- **THE TASK**
Could you transcribe all the entries exactly, omitting the pictures?

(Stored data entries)
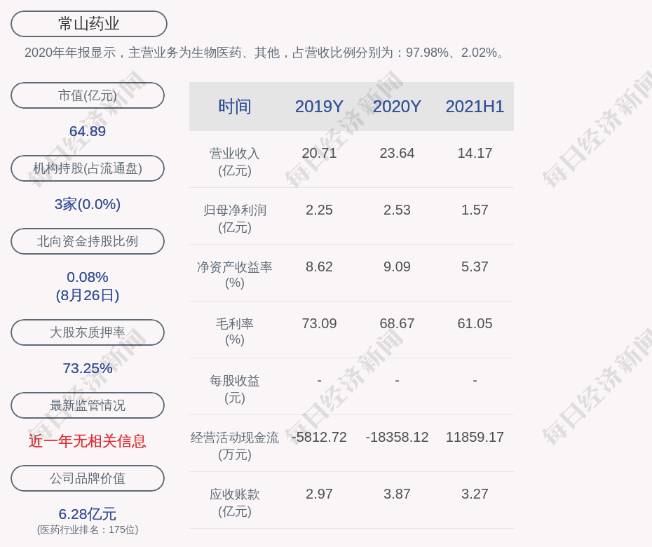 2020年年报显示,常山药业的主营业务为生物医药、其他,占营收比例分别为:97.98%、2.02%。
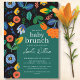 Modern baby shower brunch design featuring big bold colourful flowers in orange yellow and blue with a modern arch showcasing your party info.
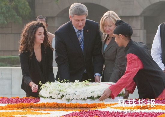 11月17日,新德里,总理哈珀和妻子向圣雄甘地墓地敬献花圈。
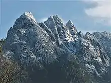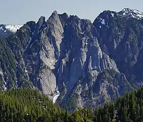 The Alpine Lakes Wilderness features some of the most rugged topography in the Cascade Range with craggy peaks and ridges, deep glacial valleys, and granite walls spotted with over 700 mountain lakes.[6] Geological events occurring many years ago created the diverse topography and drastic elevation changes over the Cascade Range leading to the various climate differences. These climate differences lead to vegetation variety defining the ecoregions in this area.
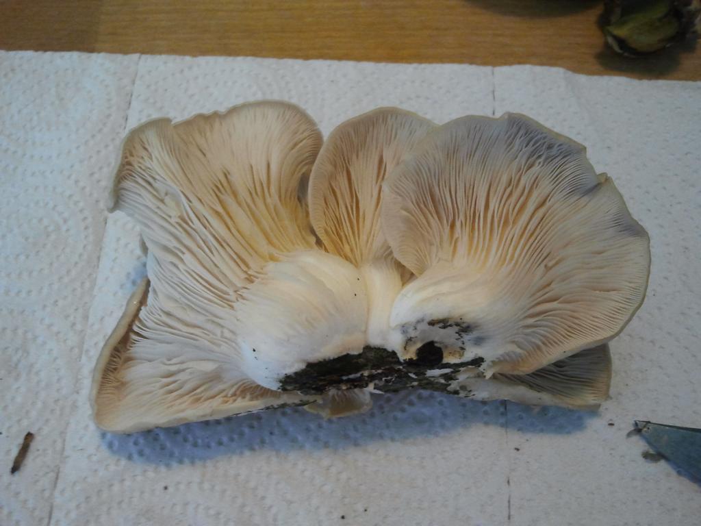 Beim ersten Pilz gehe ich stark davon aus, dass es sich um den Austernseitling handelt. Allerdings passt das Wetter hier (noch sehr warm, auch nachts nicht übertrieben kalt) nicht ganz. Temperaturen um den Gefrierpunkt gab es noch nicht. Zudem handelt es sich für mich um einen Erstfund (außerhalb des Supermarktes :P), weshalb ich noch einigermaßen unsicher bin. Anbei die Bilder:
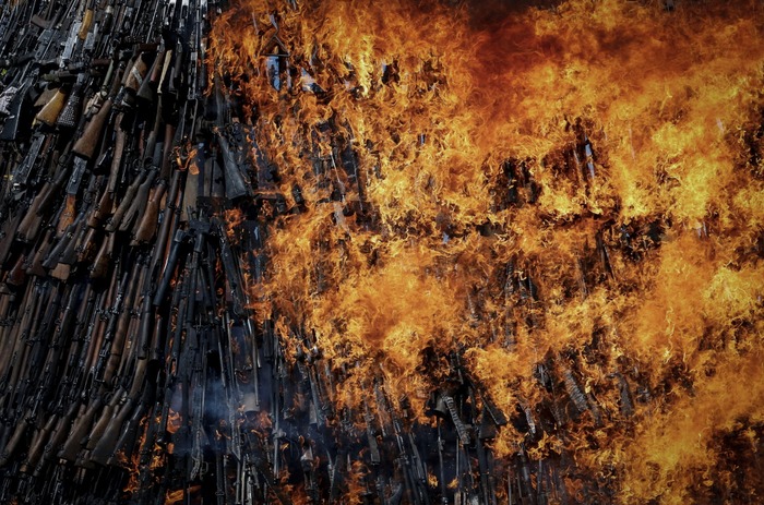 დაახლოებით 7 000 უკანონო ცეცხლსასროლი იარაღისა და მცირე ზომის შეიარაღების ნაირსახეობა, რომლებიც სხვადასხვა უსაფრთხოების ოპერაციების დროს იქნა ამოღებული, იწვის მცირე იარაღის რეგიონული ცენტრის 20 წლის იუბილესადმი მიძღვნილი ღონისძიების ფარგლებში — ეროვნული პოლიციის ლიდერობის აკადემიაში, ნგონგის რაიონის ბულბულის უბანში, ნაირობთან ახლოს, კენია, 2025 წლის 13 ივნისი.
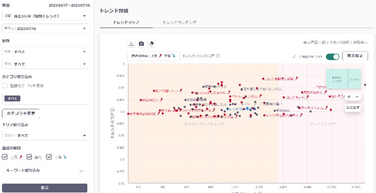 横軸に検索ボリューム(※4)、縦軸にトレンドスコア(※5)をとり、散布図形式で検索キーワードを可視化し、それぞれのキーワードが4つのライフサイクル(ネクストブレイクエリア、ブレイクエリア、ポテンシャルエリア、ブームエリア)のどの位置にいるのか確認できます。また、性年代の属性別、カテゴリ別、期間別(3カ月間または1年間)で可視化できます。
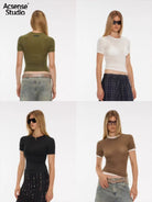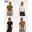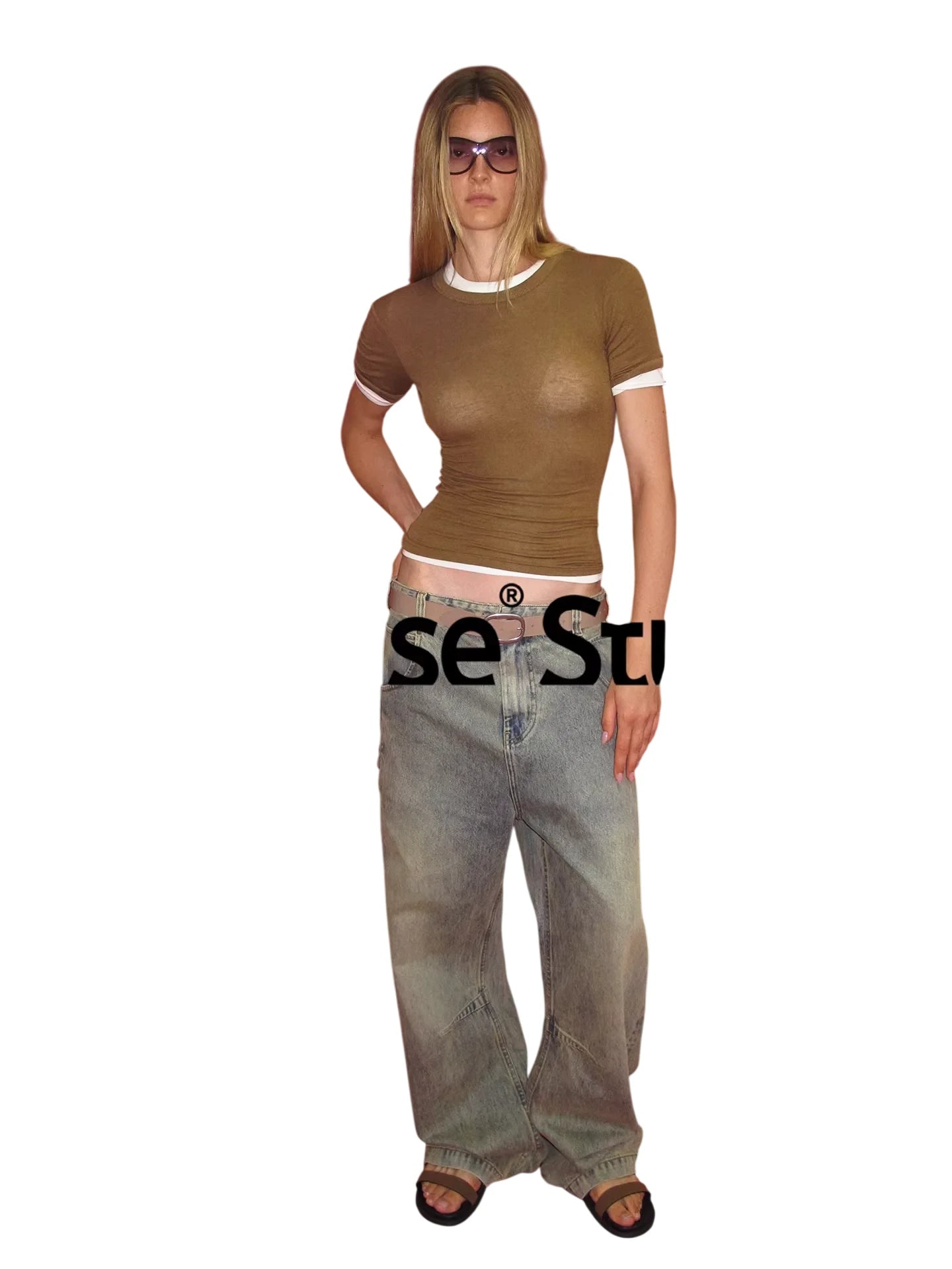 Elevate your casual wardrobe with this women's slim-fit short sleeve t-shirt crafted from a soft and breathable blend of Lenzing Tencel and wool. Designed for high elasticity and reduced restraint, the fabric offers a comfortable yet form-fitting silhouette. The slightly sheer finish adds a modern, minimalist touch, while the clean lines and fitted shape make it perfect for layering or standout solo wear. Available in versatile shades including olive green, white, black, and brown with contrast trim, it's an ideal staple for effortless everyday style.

- **FINISHED EXERCISE**
 2020年年报显示,常山药业的主营业务为生物医药、其他,占营收比例分别为:97.98%、2.02%。
 Modern baby shower brunch design featuring big bold colourful flowers in orange yellow and blue with a modern arch showcasing your party info.
 11月17日,新德里,总理哈珀和妻子向圣雄甘地墓地敬献花圈。
 The Alpine Lakes Wilderness features some of the most rugged topography in the Cascade Range with craggy peaks and ridges, deep glacial valleys, and granite walls spotted with over 700 mountain lakes.[6] Geological events occurring many years ago created the diverse topography and drastic elevation changes over the Cascade Range leading to the various climate differences. These climate differences lead to vegetation variety defining the ecoregions in this area.
 Beim ersten Pilz gehe ich stark davon aus, dass es sich um den Austernseitling handelt. Allerdings passt das Wetter hier (noch sehr warm, auch nachts nicht übertrieben kalt) nicht ganz. Temperaturen um den Gefrierpunkt gab es noch nicht. Zudem handelt es sich für mich um einen Erstfund (außerhalb des Supermarktes :P), weshalb ich noch einigermaßen unsicher bin. Anbei die Bilder:
 დაახლოებით 7 000 უკანონო ცეცხლსასროლი იარაღისა და მცირე ზომის შეიარაღების ნაირსახეობა, რომლებიც სხვადასხვა უსაფრთხოების ოპერაციების დროს იქნა ამოღებული, იწვის მცირე იარაღის რეგიონული ცენტრის 20 წლის იუბილესადმი მიძღვნილი ღონისძიების ფარგლებში — ეროვნული პოლიციის ლიდერობის აკადემიაში, ნგონგის რაიონის ბულბულის უბანში, ნაირობთან ახლოს, კენია, 2025 წლის 13 ივნისი.
 横軸に検索ボリューム(※4)、縦軸にトレンドスコア(※5)をとり、散布図形式で検索キーワードを可視化し、それぞれのキーワードが4つのライフサイクル(ネクストブレイクエリア、ブレイクエリア、ポテンシャルエリア、ブームエリア)のどの位置にいるのか確認できます。また、性年代の属性別、カテゴリ別、期間別(3カ月間または1年間)で可視化できます。
 Elevate your casual wardrobe with this women's slim-fit short sleeve t-shirt crafted from a soft and breathable blend of Lenzing Tencel and wool. Designed for high elasticity and reduced restraint, the fabric offers a comfortable yet form-fitting silhouette. The slightly sheer finish adds a modern, minimalist touch, while the clean lines and fitted shape make it perfect for layering or standout solo wear. Available in versatile shades including olive green, white, black, and brown with contrast trim, it's an ideal staple for effortless everyday style.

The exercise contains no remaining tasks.